Initial jobless claims edged higher last week, rising 13,000 from a revised 323,000 to 336,000. The four-week moving average dipped to 330,500, its lowest point since late 2007.
Early on, some were chalking up the most recent downtrend improvement in jobless claims to faulty seasonal adjustment factors. However, the sustainability of the overall downward trend suggests that the improvement may be more durable than initially believed.
Despite this recent uptick, the overall trend continues to provide evidence of slow, steady improvement in labor market conditions.
While the claims data indicates a relatively favorable environment for layoffs, job creation remains moderate as employers remain reluctant to hire in the face of only modest economic growth. With jobless claims at current levels, payroll gains would typically be more robust. Nonetheless, in the absence of faster growth, the need for employers to hire more workers – and their confidence in doing so – has been diminished. The result is a stubbornly high jobless rate and meager wage increases.
The Fed minutes released yesterday confirmed that a tapering of the ongoing open market purchases program is likely in the cards before year end, although not without some dissention about timing and communication within the Committee. In the meantime, capital markets may be subjected to additional volatility as investors attempt to calibrate their expectations for the future path of monetary policy.
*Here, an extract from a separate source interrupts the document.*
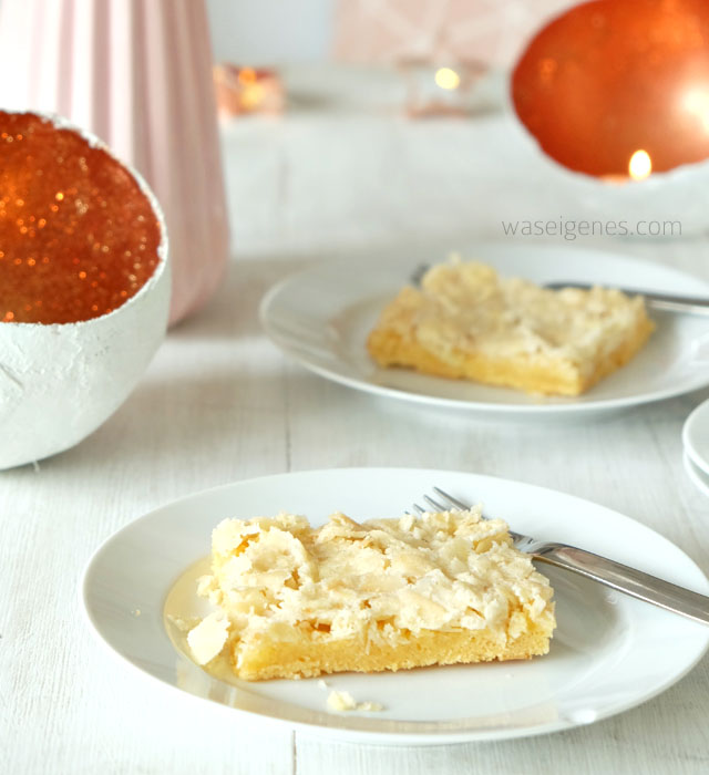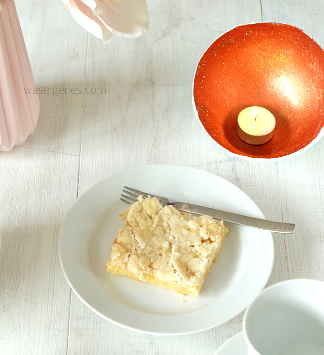 Die Butter schmelzen und alle weiteren Zutaten hinzugeben und gut verrühren. Sobald der Kuchen im Ofen fertig ist- er ist noch nicht ganz durchgebacken!- kommt die Butter-Zucker-Mandelmischung drauf. Ich habe sie portionsweise mit einem Esslöffel drauf verteilt und dann vorsichtig mit einem Messer verstrichen.

All things considered, recent data appears to support the view that the economy continues to push forward at a sluggish, persistent pace, while economists once again point toward better growth in the quarters ahead. This has seemingly been the recurring theme for expectations over much of the past few years. As we move into the latter stages of the third quarter and move into the final months of the year, incoming data should provide a reasonable insight into whether those expectations will be met, or whether higher growth will fail to materialize.